Exercise description: Restate the listing below word for word; no pictures belong in the copy.

Dataset extract:

---*---

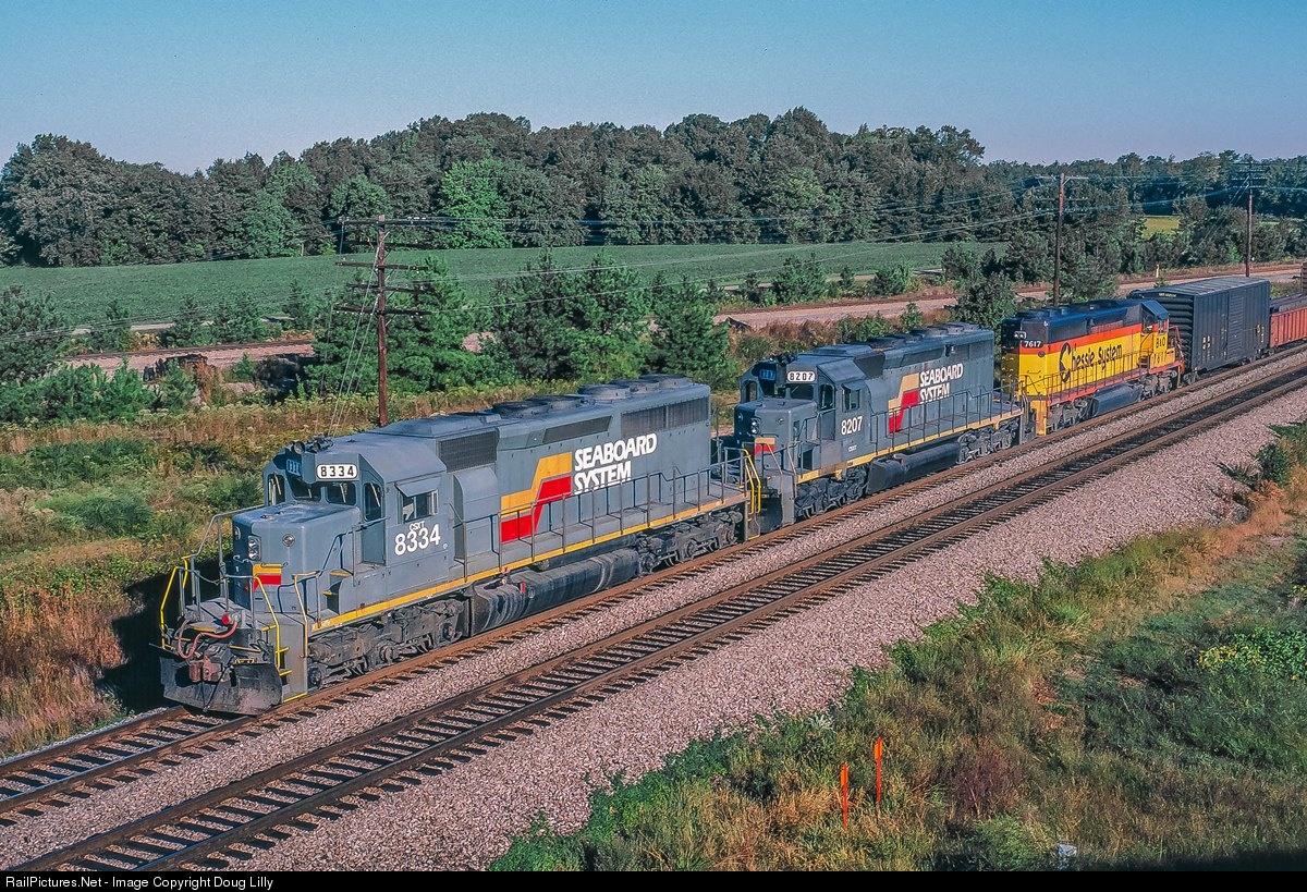 Some early CSX action is seen here with a southbound train departing Collier yard on the former Atlantic Coast Line. A subtly patched Seaboard System SD40 and an equally-subtly patched SD40-2 are accompanied by a “virgin” B&O SD40-2. Although a crew has been tearing up the Norlina Subdivision, the former Seaboard Air Line main line, northward from Norlina, NC for several months, the rails on the north end are still intact in the background.
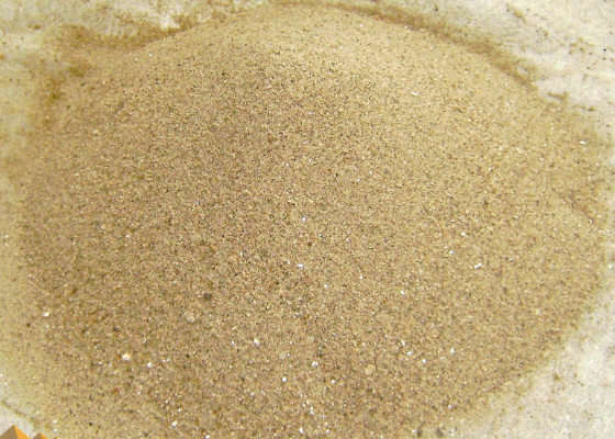 يتواجد هذا النوع عند بشكلٍ طبيعي ويتميّز بلونه البني الفاتح وملمسه الخشن لاحتوائه على ترسّبات طينيّة كبيرة الحجم، ويسمّى أيضًا بالرمل الخرساني ويستعمل في بناء البيوت الصغيرة في أماكن توفره، كما يستعمل كنوعٍ أساسي في أعمال بناء الخرسانات.
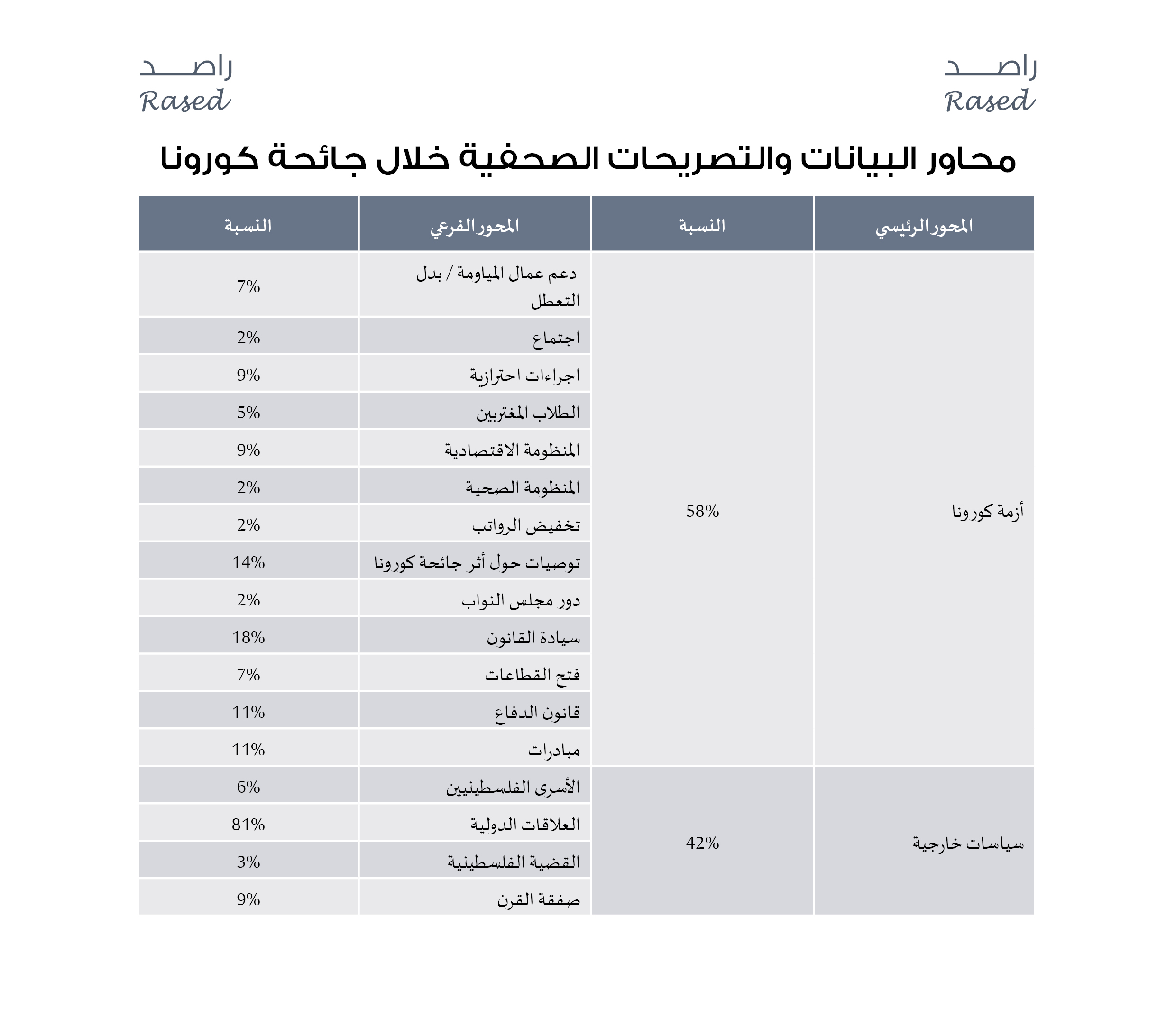 وبخصوص محاور البيانات والتصريحات الصحفية فقد تم توزيعهم إلى محورين أساسين وهما أزمة كورونا الذي حاز على 58%منها، والمحور الآخر السياسات الخارجية والذي حاز على 42%من التصريحات والبيانات.
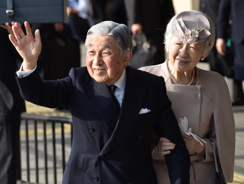 Japan's Emperor Akihito, accompanied by Empress Michiko, waves to well-wishers before leaving Ujiyamada Station in the central Japanese prefecture of Mie, on April 18, 2019.

---*---

Response for this exercise:
 Some early CSX action is seen here with a southbound train departing Collier yard on the former Atlantic Coast Line. A subtly patched Seaboard System SD40 and an equally-subtly patched SD40-2 are accompanied by a “virgin” B&O SD40-2. Although a crew has been tearing up the Norlina Subdivision, the former Seaboard Air Line main line, northward from Norlina, NC for several months, the rails on the north end are still intact in the background.
 يتواجد هذا النوع عند بشكلٍ طبيعي ويتميّز بلونه البني الفاتح وملمسه الخشن لاحتوائه على ترسّبات طينيّة كبيرة الحجم، ويسمّى أيضًا بالرمل الخرساني ويستعمل في بناء البيوت الصغيرة في أماكن توفره، كما يستعمل كنوعٍ أساسي في أعمال بناء الخرسانات.
 وبخصوص محاور البيانات والتصريحات الصحفية فقد تم توزيعهم إلى محورين أساسين وهما أزمة كورونا الذي حاز على 58%منها، والمحور الآخر السياسات الخارجية والذي حاز على 42%من التصريحات والبيانات.
 Japan's Emperor Akihito, accompanied by Empress Michiko, waves to well-wishers before leaving Ujiyamada Station in the central Japanese prefecture of Mie, on April 18, 2019.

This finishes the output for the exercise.